_AIM OF THE TASK_.
Quote these lines exactly: the one that holds "Eucerin Anti-pigment duální" and every line after it to the end of the material below. Skip pictures.

_DATA BLOCK_.
┏━━

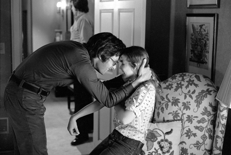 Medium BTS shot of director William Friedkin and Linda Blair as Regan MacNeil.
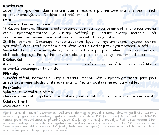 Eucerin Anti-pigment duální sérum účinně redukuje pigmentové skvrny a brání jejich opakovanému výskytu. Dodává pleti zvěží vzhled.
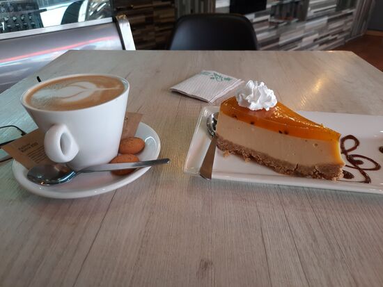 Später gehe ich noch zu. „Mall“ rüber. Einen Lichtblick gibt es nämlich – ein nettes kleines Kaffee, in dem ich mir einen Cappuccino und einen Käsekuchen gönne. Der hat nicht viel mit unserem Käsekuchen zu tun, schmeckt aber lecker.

┗━━

_RESPONSE TO THIS EXERCISE_.
 Eucerin Anti-pigment duální sérum účinně redukuje pigmentové skvrny a brání jejich opakovanému výskytu. Dodává pleti zvěží vzhled.
 Später gehe ich noch zu. „Mall“ rüber. Einen Lichtblick gibt es nämlich – ein nettes kleines Kaffee, in dem ich mir einen Cappuccino und einen Käsekuchen gönne. Der hat nicht viel mit unserem Käsekuchen zu tun, schmeckt aber lecker.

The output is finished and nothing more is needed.